Just a few days after Game Global Digital Summit October 2021, we had a conversation with Konstantin Savenkov, CEO at Intento, on the release of their latest State of Machine Translation Report and the use of MT in the video game industry. Konstantin shared some interesting insights on the current state of MT for the localization industry, with a special focus on its effect on video games. Read our questions and answers below for more details.

Improvements in the Machine Translation Landscape and What They Mean for the Video Game Industry

What’s with all the buzz around machine translation – and why is it happening now?

The main reason why people are talking about machine translation is that it delivers. We see that without machine translation, and despite large budgets or a pool of translators, companies are just able to translate about 5% of what’s needed. All real-time translation scenarios, such as live communication or on-demand translation of community content, are impossible without MT. Most content is only translated to the main languages, which ultimately excludes a huge population that doesn’t have access to these languages. Machine translation replaces translation with post-editing, and the cost of human intervention is significantly reduced. This way, companies can do much more with a human touch, and the rest, including real-time, goes with MT only. It’s not perfect, but in 2021 it’s 97% flawless, not 50%. 

Recently we’ve also seen that the quality of off-the-shelf stock engines is constantly increasing. On our side, we have systems to detect how those models change. Several major MT providers updated their models at the end of August. We also see that since 2019 we have had the possibility to customize models with your own content, and more recently, since the beginning of 2020, you are able to also use your glossaries on top of these customized models to ensure that the relevant terminology is followed by linguists and post-editors. 

Last but not least, we finally have multiple public success cases where companies see that MT promises were kept and they were not just a marketing strategy promoted by vendors. People are sharing how they applied machine translation and how they boosted translators’ or post-editors productivity by four or five times. Everyone now understands that this is an important competitive edge, and if you don’t embrace this new technology, your competitors will, and they will get to those new markets first.

Let’s talk about machine translation for gaming companies specifically; what’s in it for them? Is MT only used for in-game content? Or are there other use cases? 

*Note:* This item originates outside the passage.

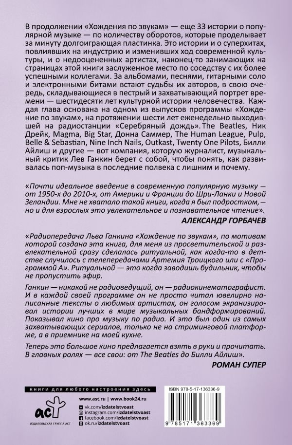 Продолжение одной из лучшей книг на русском языке о популярной музыке – Хождение по звукам 2.0. В продолжении "Хождения по звукам" еще 33 истории о популярной музыке — по количеству оборотов, которые проделывает за минуту долгоиграющая пластинка. Это истории и о суперхитах, повлиявших на индустрию и изменивших ход современной культуры, и о недооцененных артистах, наконец-то занимающих на страницах этой книги заслуженное место по соседству с их более успешными коллегами. За альбомами, песнями, гитарными соло и электронными битами встают судьбы их авторов, в свою очередь, складывающиеся в пестрый и захватывающий портрет времени — шестидесяти лет культурной истории человечества. Каждая глава основана на одном из выпусков программы «Хождение по звукам», на протяжении шести лет еженедельно выходившей на радиостанции «Серебряный дождь». The Beatles, Ник Дрейк, Magma, Big Star, Донна Саммер, The Human League, Pulp, Belle & Sebastian, Nine Inch Nails, Outkast, Twenty One Pilots, Билли Айлиш и другие — вот компания, которую журналист, музыкальный критик Лев Ганкин берет с собой, чтобы понять, как развивалась поп-музыка в последние полвека с лишним и почему.

It does work for in-game content, but it always needs post-editing, and we know that in the gaming industry, you face a number of other challenges, i.e. sensitive content, NDAs, and decision-making conflicts between localization and production. However, many translators are starting to see the quality and value of using MT. 

Outside of in-game content, companies operating in foreign markets have other types of content to translate aside from product-related content. When it comes to user-facing content, you have support tickets, support chats with customers, and even chats between players who want to build cross-country communities to discuss to play and talk about their favorite games. There’s also a number of internal use cases, i.e., communication amongst developing teams who might sit in different locations all over the world or software documentation, etc. These cases are typically not within the localization department’s domain. 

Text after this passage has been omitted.